## Data section
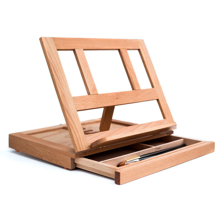Настольный мольберт с выдвижным ящиком отлично подходит для живописных работ любыми материалами. На подставке с регулируемым углом наклона предусмотрен выступ для планшета с бумагой. Складная контруция мольберта обеспечивает максимальную компактность и мобильность, в выдвижной ящик для художественных принадлежностей предполагает оптимальную организацию рабочего пространства в процессе работы. Максимальная высота холста 30 см. Ширина 34,5 см, глубина 26 см. Высота от 6,5 до 27 см. Вес 1,4 кг.
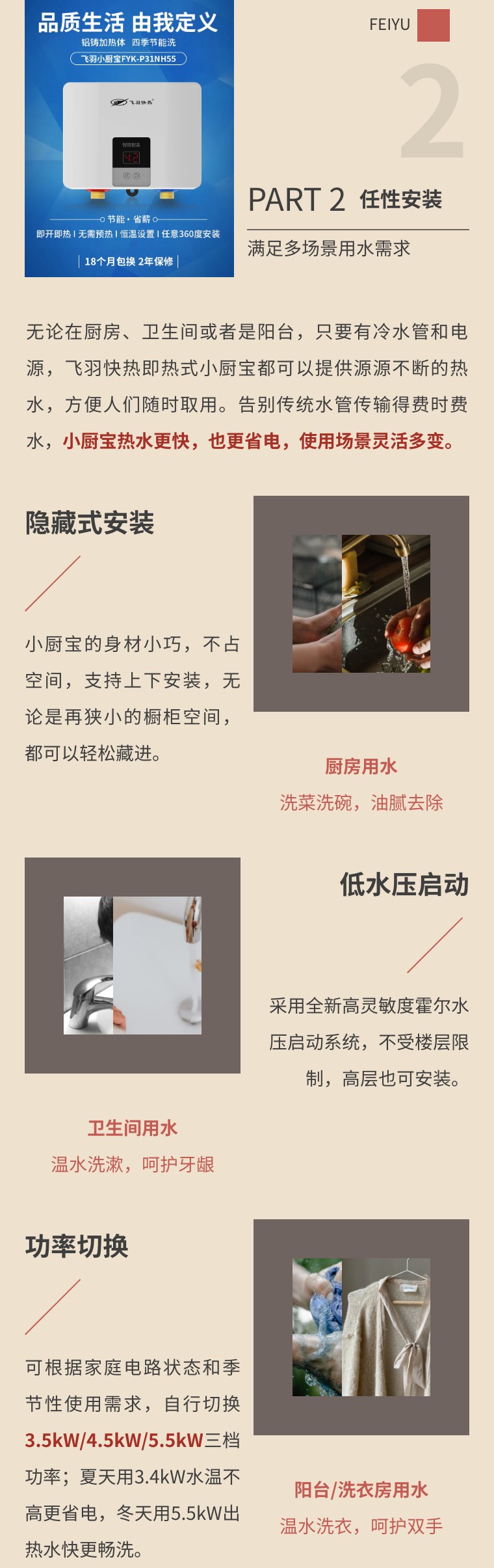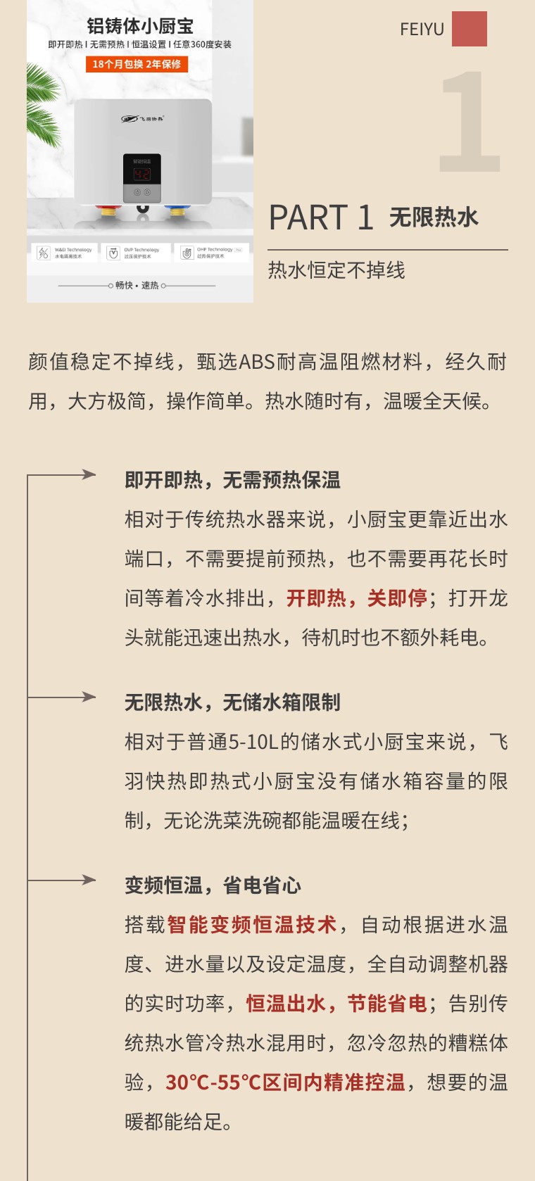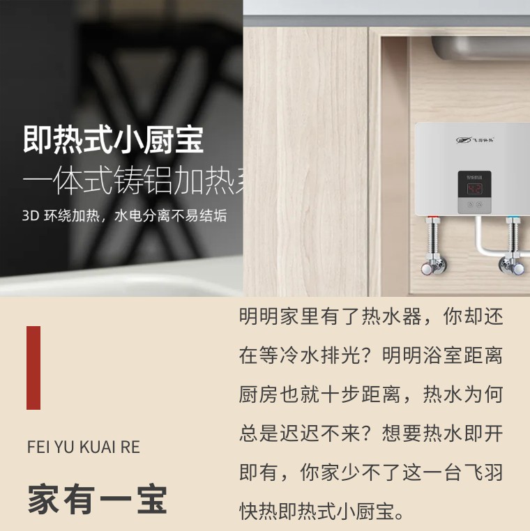 明明家里有了熱水器,你卻還在等冷水排光?明明浴室距離廚房也就十步距離,熱水為何總是遲遲不來?想要熱水即開即有,你家少不了這一臺飛羽快熱即熱式小廚寶。
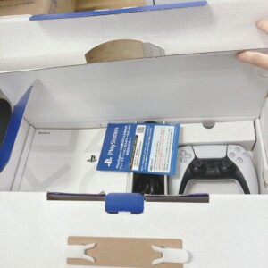 コントローラー(DualSense)も同梱されており、付属品の欠品は特に見られませんでした。ゲーム機本体は中古市場でも需要が高く、箱付きで付属品が揃っているPS5は再販価値が高いため査定対象として評価できる商品です。
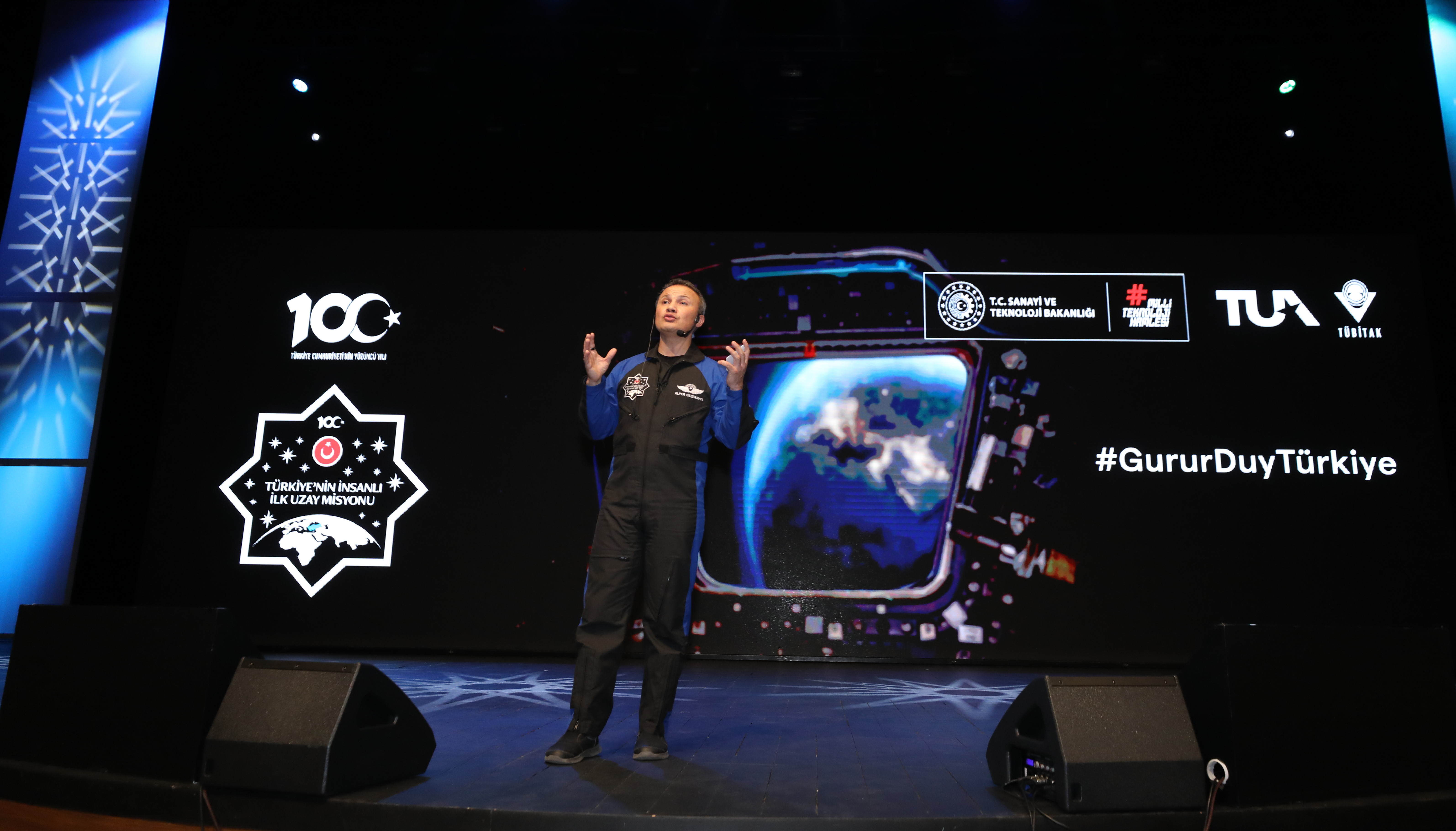 Astronot Alper Gezeravcı, “Benim hikayem 2022 Mayıs’ında başladı. Haberlerde tesadüfen Cumhurbaşkanımızın halkımıza yaptığı açıklamayı dinledim. Türkiye Cumhuriyetinin 100’üncü yılında bir Türk vatandaşı ilk defa uzaya gönderilecekti. Uzay, astronomi alanında birçok araştırma yaparak, ‘Ben bu işi yapabilirim’ noktasına geldiğim an başvurumu gerçekleştirdim.  Ben bu rüyanın, bu hayalin hep başka milletlerin insanlarına ait olduğu telkin ediyordum kendime. Artık sizin hayalinizin sınırı yok. Potansiyelinize güvenin, içinizde olan özgüveniniz ayağa kalksın. Bundan sonra yolunuz açık, Bu hikayenin kalan kısmına imza atacak olan sizlersiniz. Bundan sonra sizlerin başarılarıyla övüneceğiz. ”diye konuştu.

## Your objective
Every line of the listing above is to be retyped exactly, but the pictures are to be dropped.

## Finished exercise
Настольный мольберт с выдвижным ящиком отлично подходит для живописных работ любыми материалами. На подставке с регулируемым углом наклона предусмотрен выступ для планшета с бумагой. Складная контруция мольберта обеспечивает максимальную компактность и мобильность, в выдвижной ящик для художественных принадлежностей предполагает оптимальную организацию рабочего пространства в процессе работы. Максимальная высота холста 30 см. Ширина 34,5 см, глубина 26 см. Высота от 6,5 до 27 см. Вес 1,4 кг.
 明明家里有了熱水器,你卻還在等冷水排光?明明浴室距離廚房也就十步距離,熱水為何總是遲遲不來?想要熱水即開即有,你家少不了這一臺飛羽快熱即熱式小廚寶。
 コントローラー(DualSense)も同梱されており、付属品の欠品は特に見られませんでした。ゲーム機本体は中古市場でも需要が高く、箱付きで付属品が揃っているPS5は再販価値が高いため査定対象として評価できる商品です。
 Astronot Alper Gezeravcı, “Benim hikayem 2022 Mayıs’ında başladı. Haberlerde tesadüfen Cumhurbaşkanımızın halkımıza yaptığı açıklamayı dinledim. Türkiye Cumhuriyetinin 100’üncü yılında bir Türk vatandaşı ilk defa uzaya gönderilecekti. Uzay, astronomi alanında birçok araştırma yaparak, ‘Ben bu işi yapabilirim’ noktasına geldiğim an başvurumu gerçekleştirdim.  Ben bu rüyanın, bu hayalin hep başka milletlerin insanlarına ait olduğu telkin ediyordum kendime. Artık sizin hayalinizin sınırı yok. Potansiyelinize güvenin, içinizde olan özgüveniniz ayağa kalksın. Bundan sonra yolunuz açık, Bu hikayenin kalan kısmına imza atacak olan sizlersiniz. Bundan sonra sizlerin başarılarıyla övüneceğiz. ”diye konuştu.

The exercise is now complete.